Gracias a un trabajo impecable de ambientación por parte del equipo técnico y artístico, esa posguerra de finales de los cincuenta se refleja en pantalla como unos años de búsqueda de la modernidad arrebatada a los españoles, en un espacio mítico como Ibiza. Un lugar donde hallar cierta libertad entre los turistas, además de la posibilidad de relaciones sexuales fugaces. Tal vez el uso de una fotografía monocromática en su gama de colores ocres en los atardeceres, luminosidad grisácea o el vestuario dominado por esos turquesas pálidos, mimetizan el aspecto visual de Los europeos con Vivir es fácil con los ojos cerrados o la serie Cuéntame.

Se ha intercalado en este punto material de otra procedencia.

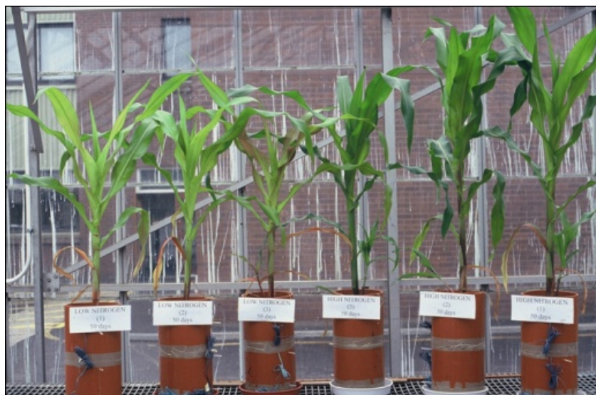
図4. 作物の生育と土壌根圏環境のモニタリング

Pero el cineasta nunca cede a la tentación de subrayar los aspectos más sentimentales de la historia. La banda sonora no se sitúa por encima de la imagen para marcar la emoción. Tampoco se recurre a la nostalgia en la evocación de una década concreta, ni siquiera en el uso de las canciones durante las fiestas a las que acuden los dos compañeros. De igual manera, García León no nos obliga a juzgar la posición económica ni el carácter de Miguel, Antonio ni Odette. Más allá de que los personajes más humanos, incluido el del hijo de papá, sean los que rodean a Miguel, un Raúl Arévalo enjuto, contenido y creíble en su papel de trepa social.

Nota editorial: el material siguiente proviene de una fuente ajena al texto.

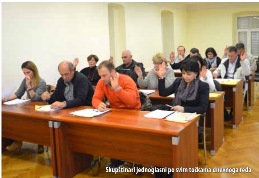
Skupštinari jednoglasni po svim točkama dnevnoga reda

U prvih 10 mjeseci ove godine na području TZ-a općine Omišalj ostvareno je 123.595 dolazaka (1% više nego lani) i 648.721 noćenje, što je otprilike na prošlogodišnjoj razini. Njivice su imale 4% više dolazaka i 1% više noćenja, dok je u Omišlju dolazaka bilo 6% manje, a noćenja 2% manje. Najveći broj noćenja ostvaren je u hotelima (39%), potom autokampovima (35%) te privatnome smještaju (25%). Domaćih je gostiju bilo 9.816 (-1%), a stranih 114.461 (+2%), a među njima uvjerljivo najbrojniji bili su gosti iz Slovenije i Njemačke, dok je najveći pad zabilježen kod talijanskih i čeških turista.

Aunque el director no llega a los aciertos de Selfie —su largometraje anterior— sí logra un trabajo coherente, a la par que austero emocionalmente. La parte coproductora francesa se aprecia no solo en la actriz Stéphane Caillard, sino en la contención formal, ajustada a la sobriedad. Una declaración de respeto y captura del espíritu literario que adapta. La diferencia respecto a otro cómplice total de Azcona como fue Berlanga se puede comprobar en escenas bien resueltas como la de las empanadillas que van quitando de un plato al protagonista, varias personas en una fiesta. En este caso la comicidad queda clara, sin aspavientos, resuelta en tres o cuatro minutos. Este plano secuencia hubiera sido un reto mayúsculo de diez minutos y varias jornadas de producción del autor de Calabuch. Aparte de consideraciones presupuestarias o planes de rodajes contemporáneos, vertiginosos como los de cualquier serie diaria para las televisiones, el motivo de hacer una narración más fragmentada es un imperativo del destino final de un largo como Los europeos que, por fortuna, se estrena en salas para ver mejor sus detalles descorazonadores a toda pantalla, en 35 milímetros.